Assignment —
What is needed is a verbatim copy of every record below, with the pictures left out.

Excerpts from a dataset
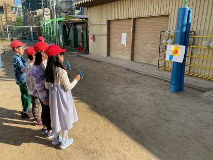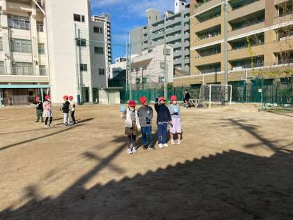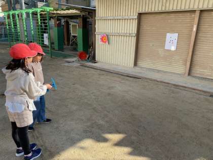 3年生の理科では、『光の性質』ということで、鏡を使って手作りの的めがけて太陽の光を反射させていました。
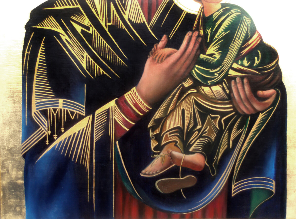 (Polski) Detal. Kopia ikony: »Matka Boża Nieustającej Pomocy ». Artystka: Adriana Plucha.
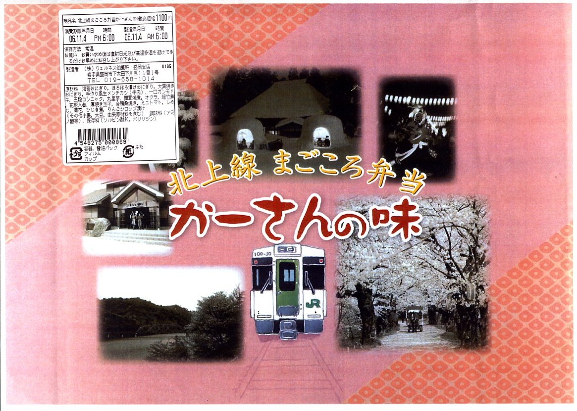 東京駅から新幹線やまびこ号で約3時間。北上市は岩手県の南西部で北上盆地に位置し北上川に面した、人口約9万人の工業都市。古来から交通路であったが、国道や鉄道の整備、高速道路と新幹線の開通で、工業団地が形成され栄える。駅弁は明治時代から営業した後藤屋が2000年頃に撤退、伯養軒の支店があったが2005年に撤退、以後は盛岡駅の駅弁が駅そば屋に入荷したが2020年に閉店、その後は近隣の駅弁がコンビニに入荷する。1890(明治23)年11月1日開業、岩手県北上市大通1丁目。
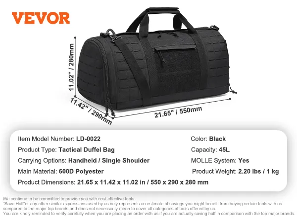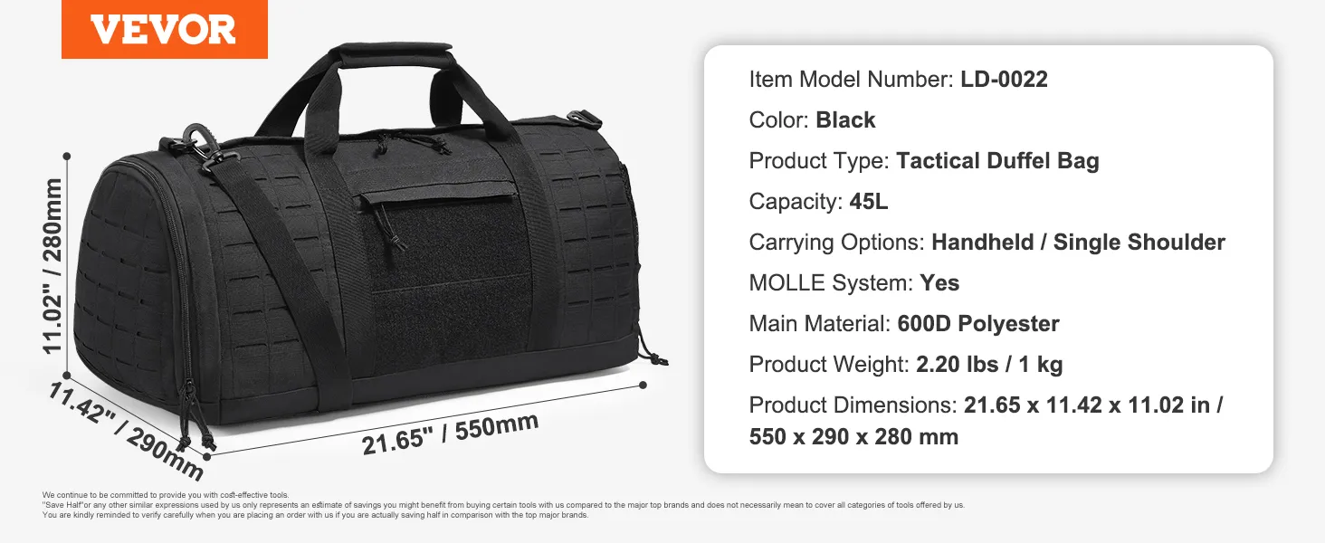 VEVOR Tactical Duffle Bag easily meets all your travel needs!
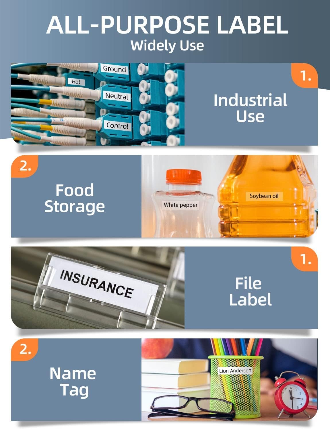 Materiale affidabile: gli adesivi sono abbastanza resistenti da resistere a graffi e abrasioni; restringono liquidi di qualsiasi tipo: dall’acqua all’olio; si attaccano praticamente a qualsiasi superficie per cartelline, etichette alimentari per buffet, etichette per bambini, etichette per cavi, etichette per nome, senza lasciare residui

Problem solution —
 3年生の理科では、『光の性質』ということで、鏡を使って手作りの的めがけて太陽の光を反射させていました。
 (Polski) Detal. Kopia ikony: »Matka Boża Nieustającej Pomocy ». Artystka: Adriana Plucha.
 東京駅から新幹線やまびこ号で約3時間。北上市は岩手県の南西部で北上盆地に位置し北上川に面した、人口約9万人の工業都市。古来から交通路であったが、国道や鉄道の整備、高速道路と新幹線の開通で、工業団地が形成され栄える。駅弁は明治時代から営業した後藤屋が2000年頃に撤退、伯養軒の支店があったが2005年に撤退、以後は盛岡駅の駅弁が駅そば屋に入荷したが2020年に閉店、その後は近隣の駅弁がコンビニに入荷する。1890(明治23)年11月1日開業、岩手県北上市大通1丁目。
 VEVOR Tactical Duffle Bag easily meets all your travel needs!
 Materiale affidabile: gli adesivi sono abbastanza resistenti da resistere a graffi e abrasioni; restringono liquidi di qualsiasi tipo: dall’acqua all’olio; si attaccano praticamente a qualsiasi superficie per cartelline, etichette alimentari per buffet, etichette per bambini, etichette per cavi, etichette per nome, senza lasciare residui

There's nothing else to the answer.